Records for the exercise:
────────────────────────────────────────

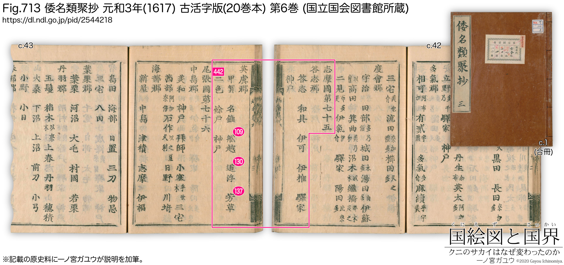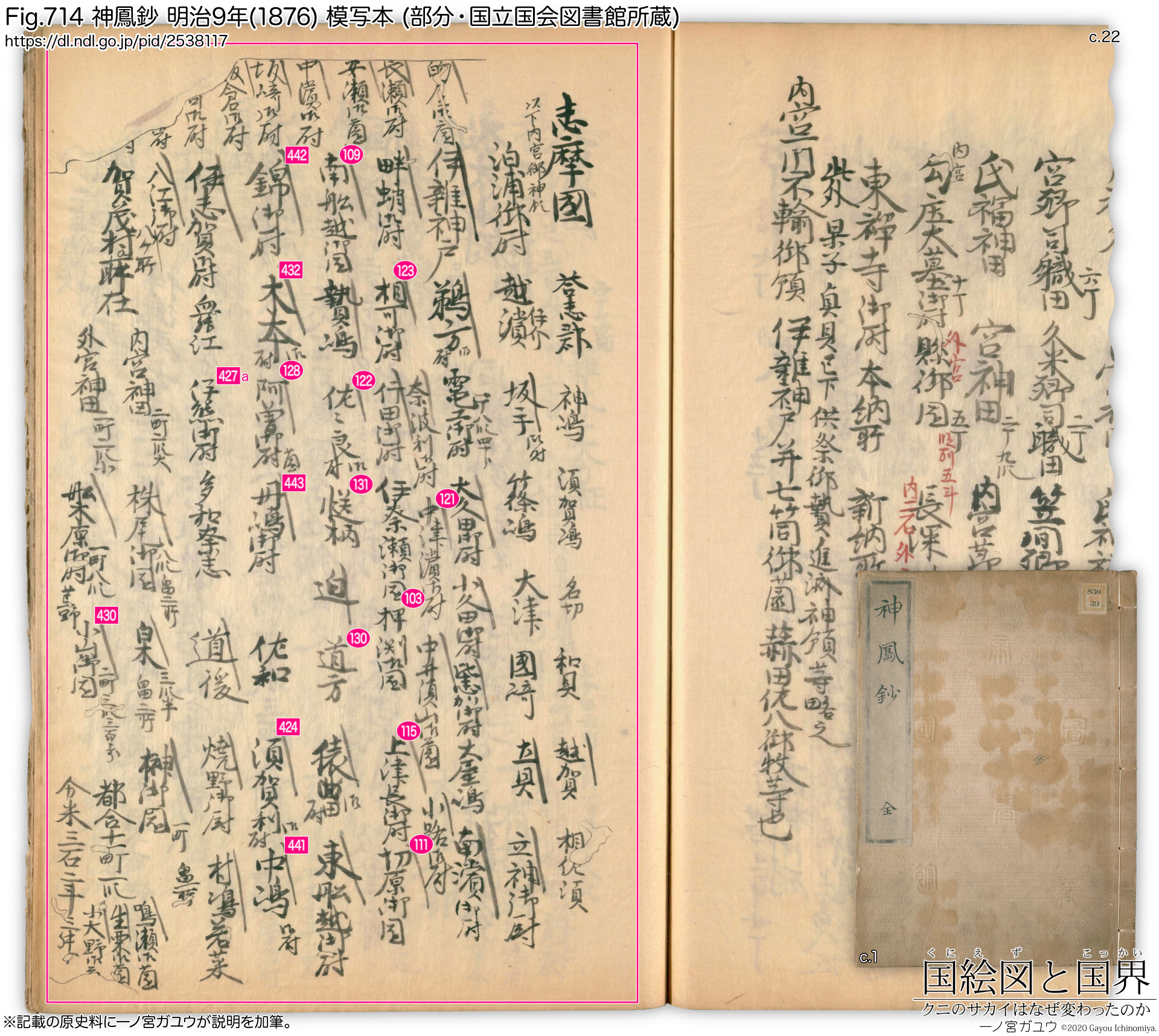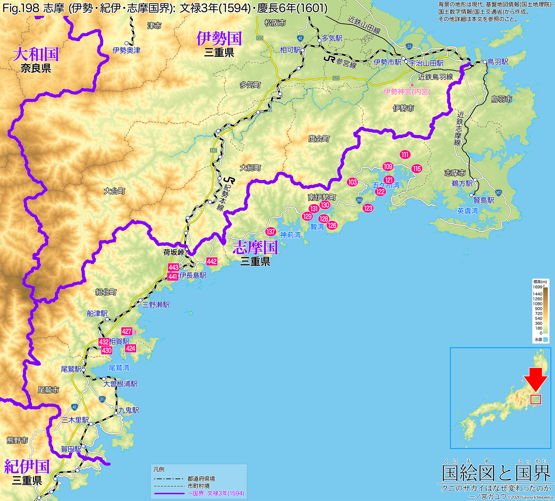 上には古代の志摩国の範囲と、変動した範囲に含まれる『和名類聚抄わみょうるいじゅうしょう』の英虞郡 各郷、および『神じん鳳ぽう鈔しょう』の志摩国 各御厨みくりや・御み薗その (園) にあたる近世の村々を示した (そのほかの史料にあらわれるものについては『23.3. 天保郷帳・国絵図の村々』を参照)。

────────────────────────────────────────

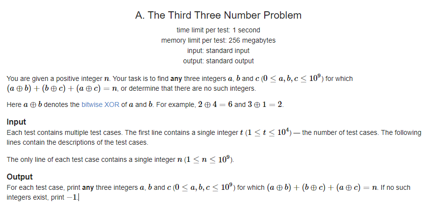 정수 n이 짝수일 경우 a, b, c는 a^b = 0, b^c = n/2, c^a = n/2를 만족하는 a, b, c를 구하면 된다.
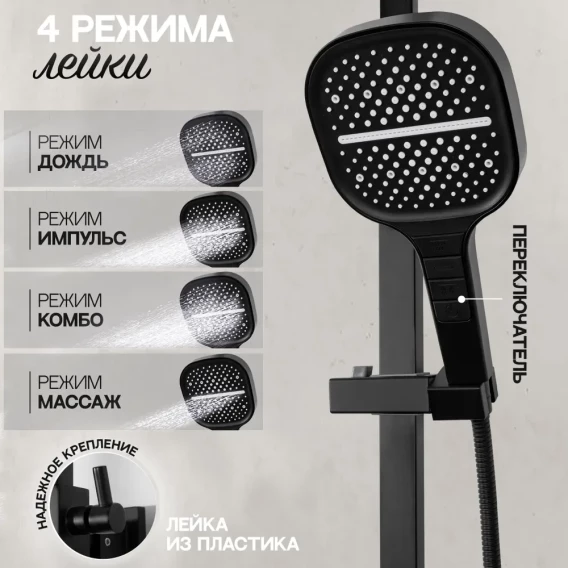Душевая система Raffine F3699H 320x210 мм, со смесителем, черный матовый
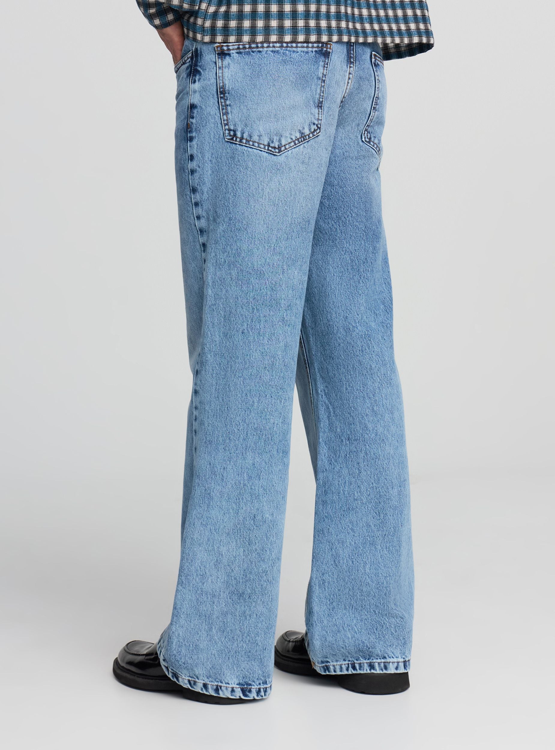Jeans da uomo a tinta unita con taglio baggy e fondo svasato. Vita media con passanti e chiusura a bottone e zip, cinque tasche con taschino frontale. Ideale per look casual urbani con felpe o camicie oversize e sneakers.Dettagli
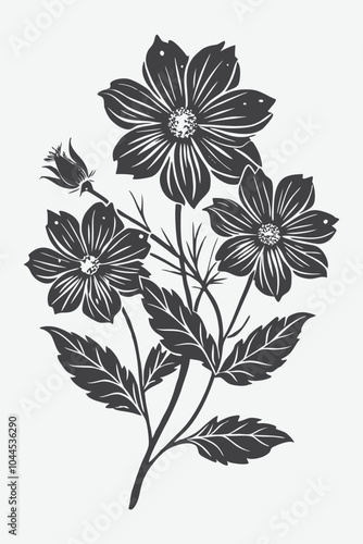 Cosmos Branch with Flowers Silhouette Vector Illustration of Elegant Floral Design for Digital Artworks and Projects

────────────────────────────────────────

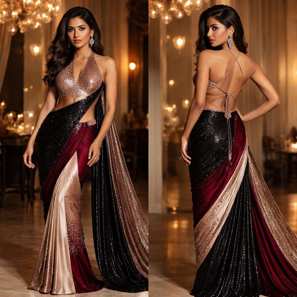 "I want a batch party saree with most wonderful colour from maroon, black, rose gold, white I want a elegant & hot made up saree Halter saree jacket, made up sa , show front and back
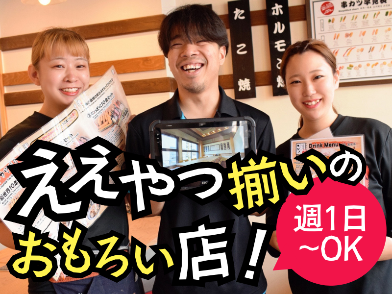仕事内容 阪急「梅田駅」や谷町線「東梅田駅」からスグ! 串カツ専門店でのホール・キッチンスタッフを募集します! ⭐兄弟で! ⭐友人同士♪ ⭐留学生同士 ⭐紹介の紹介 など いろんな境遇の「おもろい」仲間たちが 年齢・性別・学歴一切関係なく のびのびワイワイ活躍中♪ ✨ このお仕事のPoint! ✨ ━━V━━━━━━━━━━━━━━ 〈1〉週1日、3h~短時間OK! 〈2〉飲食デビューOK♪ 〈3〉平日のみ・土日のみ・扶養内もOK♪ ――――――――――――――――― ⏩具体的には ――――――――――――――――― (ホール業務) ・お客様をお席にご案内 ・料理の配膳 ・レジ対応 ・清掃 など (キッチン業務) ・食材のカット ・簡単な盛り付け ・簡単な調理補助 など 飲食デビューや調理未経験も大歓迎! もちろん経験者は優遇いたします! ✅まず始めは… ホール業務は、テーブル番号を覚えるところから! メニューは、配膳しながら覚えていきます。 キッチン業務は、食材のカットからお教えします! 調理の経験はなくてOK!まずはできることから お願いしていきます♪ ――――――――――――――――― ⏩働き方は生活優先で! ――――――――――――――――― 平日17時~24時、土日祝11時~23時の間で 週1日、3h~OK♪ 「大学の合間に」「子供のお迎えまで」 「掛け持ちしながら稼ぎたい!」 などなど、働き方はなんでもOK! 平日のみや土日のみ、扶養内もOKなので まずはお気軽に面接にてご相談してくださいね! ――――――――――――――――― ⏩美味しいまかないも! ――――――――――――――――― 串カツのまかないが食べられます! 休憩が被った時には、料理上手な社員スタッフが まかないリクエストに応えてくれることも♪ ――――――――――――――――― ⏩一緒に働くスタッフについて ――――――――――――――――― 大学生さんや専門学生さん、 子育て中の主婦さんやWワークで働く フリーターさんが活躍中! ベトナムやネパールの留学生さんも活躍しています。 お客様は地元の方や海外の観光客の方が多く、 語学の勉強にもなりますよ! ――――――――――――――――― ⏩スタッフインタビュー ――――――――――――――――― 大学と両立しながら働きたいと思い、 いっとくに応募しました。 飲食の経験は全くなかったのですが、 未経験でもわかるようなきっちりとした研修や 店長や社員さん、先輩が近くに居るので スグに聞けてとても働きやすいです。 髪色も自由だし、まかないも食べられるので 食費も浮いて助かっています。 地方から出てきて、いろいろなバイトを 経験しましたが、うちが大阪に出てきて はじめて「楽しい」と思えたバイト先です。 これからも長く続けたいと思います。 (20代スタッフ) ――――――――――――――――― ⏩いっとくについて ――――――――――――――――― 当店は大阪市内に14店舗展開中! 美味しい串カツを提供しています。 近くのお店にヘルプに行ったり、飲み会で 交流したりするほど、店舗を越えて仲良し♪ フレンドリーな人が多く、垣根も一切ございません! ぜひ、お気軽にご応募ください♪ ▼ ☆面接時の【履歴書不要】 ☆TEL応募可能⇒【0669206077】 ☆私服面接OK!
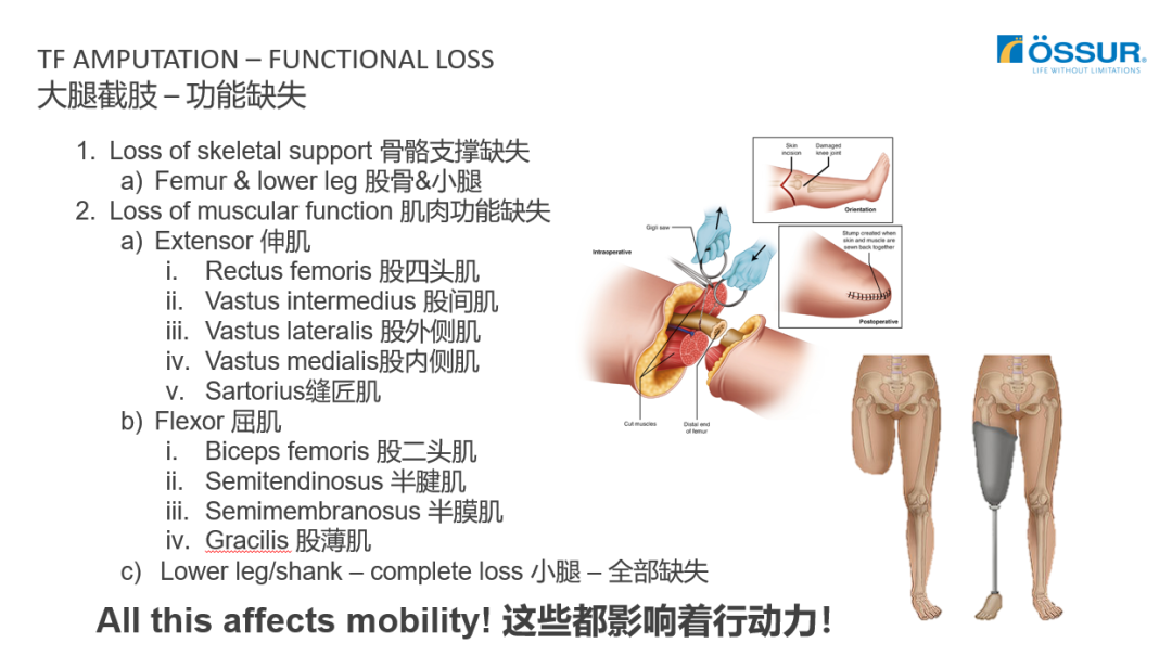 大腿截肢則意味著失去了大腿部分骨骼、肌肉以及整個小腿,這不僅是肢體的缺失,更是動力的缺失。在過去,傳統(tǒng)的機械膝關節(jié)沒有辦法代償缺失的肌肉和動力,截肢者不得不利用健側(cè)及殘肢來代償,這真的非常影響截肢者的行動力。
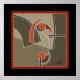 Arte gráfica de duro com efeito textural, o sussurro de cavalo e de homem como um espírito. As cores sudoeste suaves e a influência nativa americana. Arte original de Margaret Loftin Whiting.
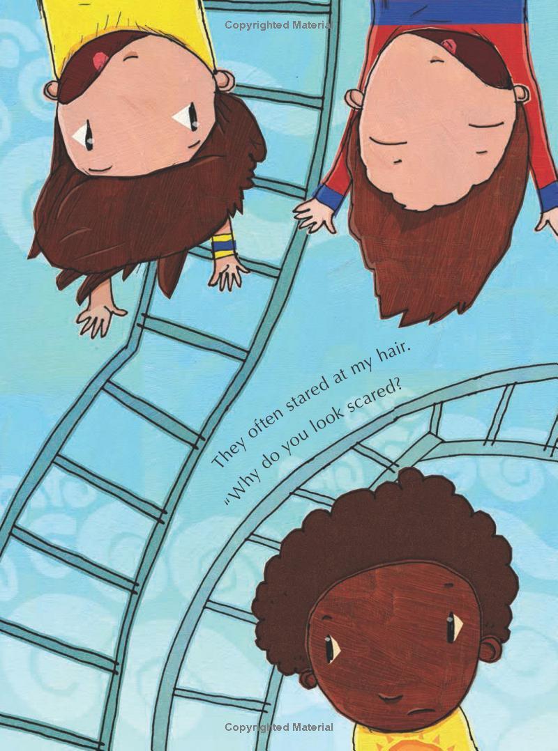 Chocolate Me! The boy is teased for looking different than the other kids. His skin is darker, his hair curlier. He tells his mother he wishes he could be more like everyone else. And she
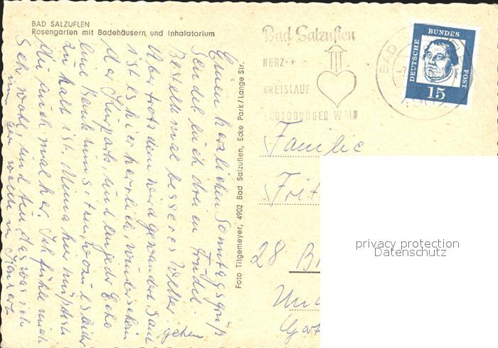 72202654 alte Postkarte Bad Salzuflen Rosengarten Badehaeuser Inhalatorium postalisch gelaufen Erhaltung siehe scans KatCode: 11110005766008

────────────────────────────────────────

Work instructions:
With pictures omitted, repeat the entries above word for word from the line holding "Arte gráfica de" down to the line holding "Chocolate Me! The", keeping both of those lines.

Written response:
 Arte gráfica de duro com efeito textural, o sussurro de cavalo e de homem como um espírito. As cores sudoeste suaves e a influência nativa americana. Arte original de Margaret Loftin Whiting.
 Chocolate Me! The boy is teased for looking different than the other kids. His skin is darker, his hair curlier. He tells his mother he wishes he could be more like everyone else. And she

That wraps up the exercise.